Fatal trap 12: page fault while in kernel mode
cpuid = 0; apic id = 00
fault virtual address   = 0x0
fault code              = supervisor write data, page not present
instruction pointer     = 0x20:0xffffffff8263dba6
stack pointer           = 0x28:0xfffffe008caeb6c0
frame pointer           = 0x28:0xfffffe008caeb6e0
code segment            = base rx0, limit 0xfffff, type 0x1b
                        = DPL 0, pres 1, long 1, def32 0, gran 1
processor eflags        = interrupt enabled, resume, IOPL = 0
current process         = 60579 (jail)
trap number             = 12
panic: page fault
cpuid = 0
time = 1543479102
KDB: stack backtrace:
#0 0xffffffff80be74a7 at kdb_backtrace+0x67
#1 0xffffffff80b9b093 at vpanic+0x1a3
#2 0xffffffff80b9aee3 at panic+0x43
#3 0xffffffff8107394f at trap_fatal+0x35f
#4 0xffffffff810739a9 at trap_pfault+0x49
#5 0xffffffff81072fce at trap+0x29e
#6 0xffffffff8104e865 at calltrap+0x8
#7 0xffffffff80ca0dd5 at ether_ifdetach+0x35
#8 0xffffffff80caab14 at vlan_clone_destroy+0x24
#9 0xffffffff80c9ea26 at if_clone_destroyif+0x116
#10 0xffffffff80c9f338 at if_clone_detach+0xc8
#11 0xffffffff80cc7b3c at vnet_destroy+0x13c
#12 0xffffffff80b63480 at prison_deref+0x2b0
#13 0xffffffff80b64d04 at sys_jail_remove+0x364
#14 0xffffffff81074429 at amd64_syscall+0x369
#15 0xffffffff8104f14d at fast_syscall_common+0x101
Uptime: 1m36s
Dumping 768 out of 16178 MB:..3%..11%..21%..32%..42%..53%..61%..71%..82%..92%

__curthread () at ./machine/pcpu.h:230
230     ./machine/pcpu.h: No such file or directory.
(kgdb) list *0xffffffff8263dba6
0xffffffff8263dba6 is in ng_ether_detach (/usr/src/sys/netgraph/ng_ether.c:367).

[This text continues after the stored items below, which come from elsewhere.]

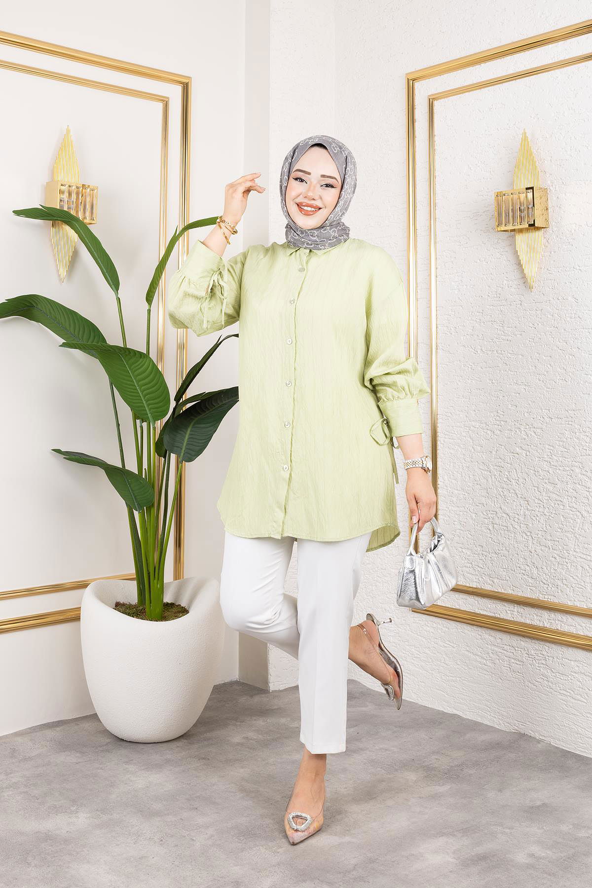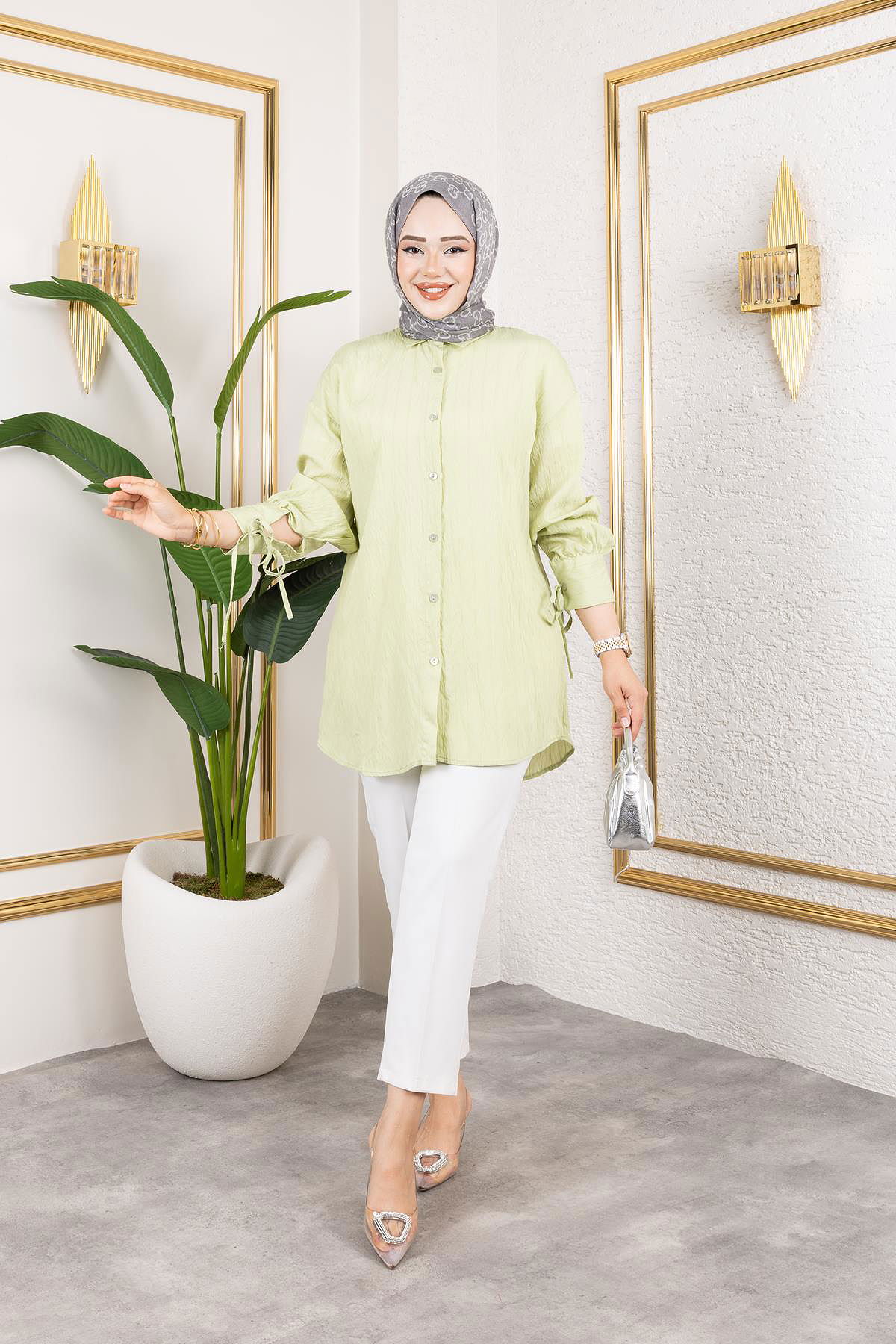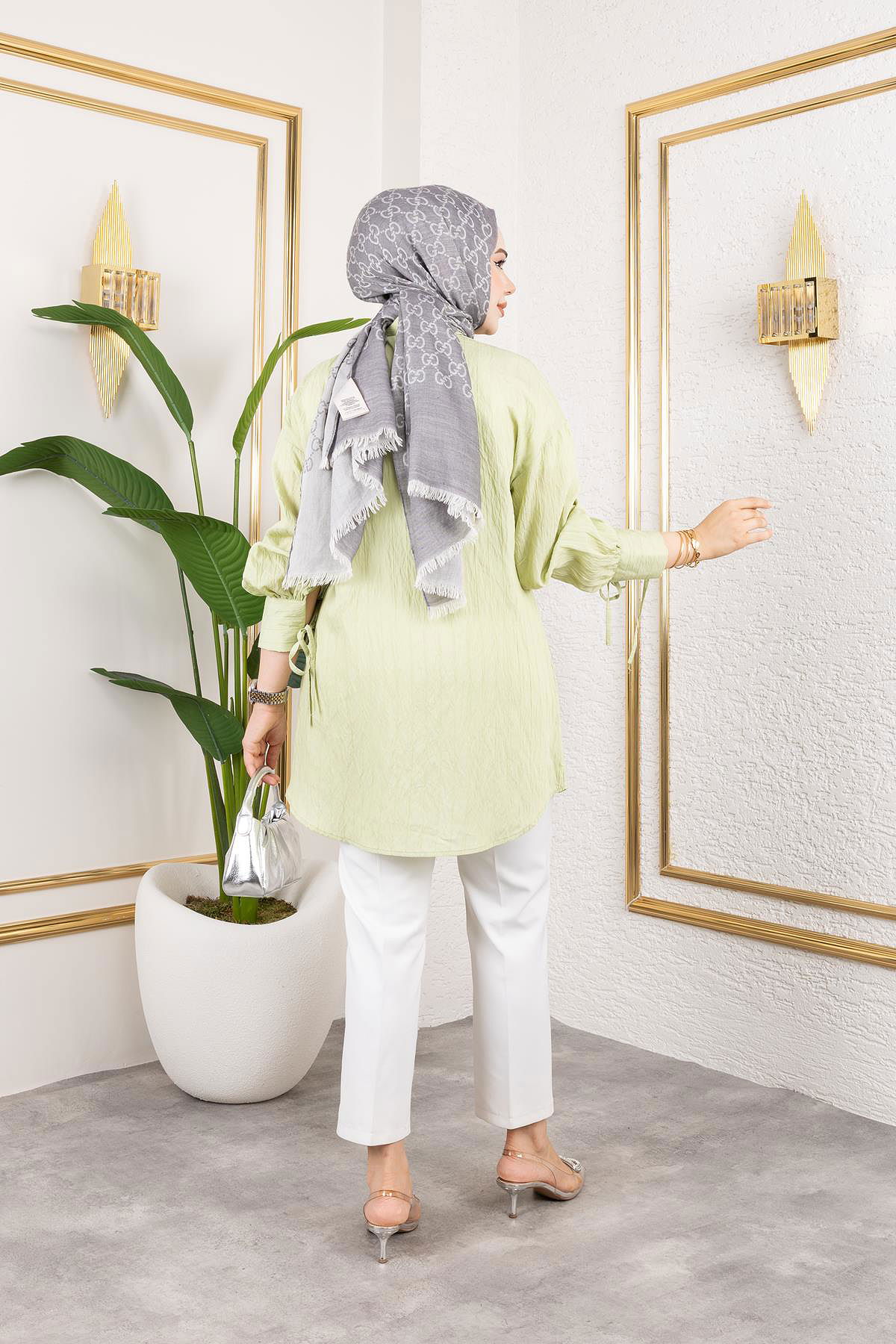 Kolları Bağcık Detaylı Tesettür Tunik-5218 Yeşil
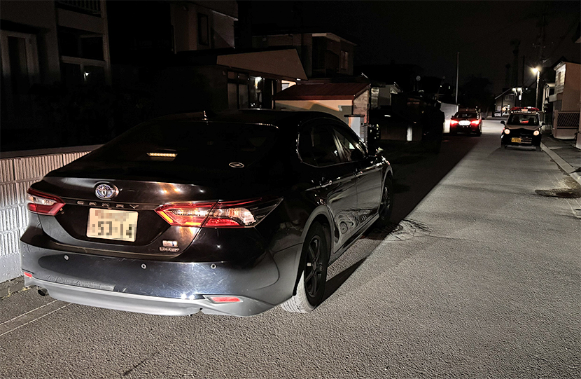 210系クラウンパンダ、交番パンダも臨場。現場はいわゆる閑静な
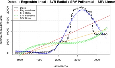 Una vez analizadas las relaciones entre las variables, como primera instancia, se evaluó el modelo propuesto frente a tres modelos del estado del arte, estos fueron: Regresión lineal con máquinas de vectores soporte (SVR), Regresión lineal normal y Regresión lineal con K venecianos más cercanos (KNN). Para todos los modelos se realizó la predicción a 5 años, es decir, se intentó establecer cómo sería la tendencia de los homicidios hasta el año 2025 en la variable numero_homicidios_anio frente a anio_hecho. Para que la evaluación tuviera mayor coherencia, con el modelo de SRV se evaluaron las funciones kernel, las cuales permiten convertir lo que sería un problema de regresión no lineal en el espacio dimensional original, a un sencillo problema de regresión lineal en un espacio dimensional mayor. Las funciones evaluadas fueron radial, polinomial y lineal. La Figura 4 permite observar que el modelo de SRV implementando la función kernel radial (línea azul) obtiene los mejores resultados, es decir, que las predicciones en la regresión se parecen más a los datos (línea negra) o guardan más cercanía. Por lo anterior, el modelo de SRV con la función radial fue tomada para la comparación de resultados frente el modelo propuesto.
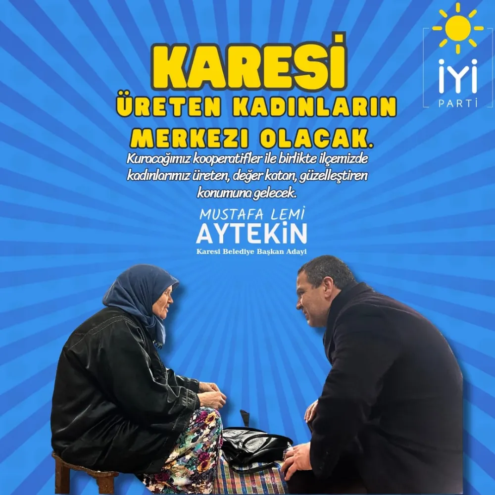 Karesi ilçesinde yerel ekonominin güçlenmesi ve toplumsal kalkınmanın desteklenmesi için önemli bir adım atılıyor.İYİ Parti'nin Karesi Belediye Başkan adayı Mustafa Lemi Aytekin, kadın kooperatiflerinin kurulmasıyla ilçenin değerine değer katacağını vurguladı.

362     /usr/src/sys/netgraph/ng_ether.c: No such file or directory.
(kgdb) backtrace
#0  __curthread () at ./machine/pcpu.h:230
#1  doadump (textdump=<optimized out>) at /usr/src/sys/kern/kern_shutdown.c:366
#2  0xffffffff80b9ac7b in kern_reboot (howto=260) at /usr/src/sys/kern/kern_shutdown.c:446
#3  0xffffffff80b9b0f3 in vpanic (fmt=<optimized out>, ap=0xfffffe008bcf2410) at /usr/src/sys/kern/kern_shutdown.c:872
#4  0xffffffff80b9aee3 in panic (fmt=<unavailable>) at /usr/src/sys/kern/kern_shutdown.c:799
#5  0xffffffff8107394f in trap_fatal (frame=0xfffffe008bcf2600, eva=0) at /usr/src/sys/amd64/amd64/trap.c:929
#6  0xffffffff810739a9 in trap_pfault (frame=0xfffffe008bcf2600, usermode=0) at /usr/src/sys/amd64/amd64/trap.c:765
#7  0xffffffff81072fce in trap (frame=0xfffffe008bcf2600) at /usr/src/sys/amd64/amd64/trap.c:441
#8  <signal handler called>
#9  ng_ether_detach (ifp=0xfffff800038a6800) at /usr/src/sys/netgraph/ng_ether.c:367
#10 0xffffffff80ca0dd5 in ether_ifdetach (ifp=0xfffff800038a6800) at /usr/src/sys/net/if_ethersubr.c:981
#11 0xffffffff80caab14 in vlan_clone_destroy (ifc=0xfffff80013c55600, ifp=0xfffff800038a6800)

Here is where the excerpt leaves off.